Problem to solve: Transcribe only the lines of the listing below from the one holding "dębu. Powyżej wmurowany" through the one holding "This blend combines", inclusive, without any change.

Records to process:
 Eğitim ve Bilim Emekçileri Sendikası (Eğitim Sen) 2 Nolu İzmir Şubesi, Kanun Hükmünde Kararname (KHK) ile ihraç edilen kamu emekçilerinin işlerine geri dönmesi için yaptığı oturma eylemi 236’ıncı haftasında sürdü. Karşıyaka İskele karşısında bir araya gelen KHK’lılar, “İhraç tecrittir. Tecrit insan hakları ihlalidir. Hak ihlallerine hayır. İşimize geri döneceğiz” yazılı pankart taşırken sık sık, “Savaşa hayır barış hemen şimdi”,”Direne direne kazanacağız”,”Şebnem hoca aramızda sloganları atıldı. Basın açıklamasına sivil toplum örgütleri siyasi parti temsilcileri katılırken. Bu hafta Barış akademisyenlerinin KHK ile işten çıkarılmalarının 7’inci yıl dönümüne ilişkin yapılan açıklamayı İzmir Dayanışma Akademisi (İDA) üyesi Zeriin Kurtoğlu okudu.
--
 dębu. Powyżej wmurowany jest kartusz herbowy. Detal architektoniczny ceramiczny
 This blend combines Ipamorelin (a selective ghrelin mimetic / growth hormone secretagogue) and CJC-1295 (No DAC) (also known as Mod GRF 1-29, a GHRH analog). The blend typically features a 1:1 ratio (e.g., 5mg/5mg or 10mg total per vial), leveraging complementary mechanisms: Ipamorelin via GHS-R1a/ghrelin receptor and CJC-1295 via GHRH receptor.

Solution:
 dębu. Powyżej wmurowany jest kartusz herbowy. Detal architektoniczny ceramiczny
 This blend combines Ipamorelin (a selective ghrelin mimetic / growth hormone secretagogue) and CJC-1295 (No DAC) (also known as Mod GRF 1-29, a GHRH analog). The blend typically features a 1:1 ratio (e.g., 5mg/5mg or 10mg total per vial), leveraging complementary mechanisms: Ipamorelin via GHS-R1a/ghrelin receptor and CJC-1295 via GHRH receptor.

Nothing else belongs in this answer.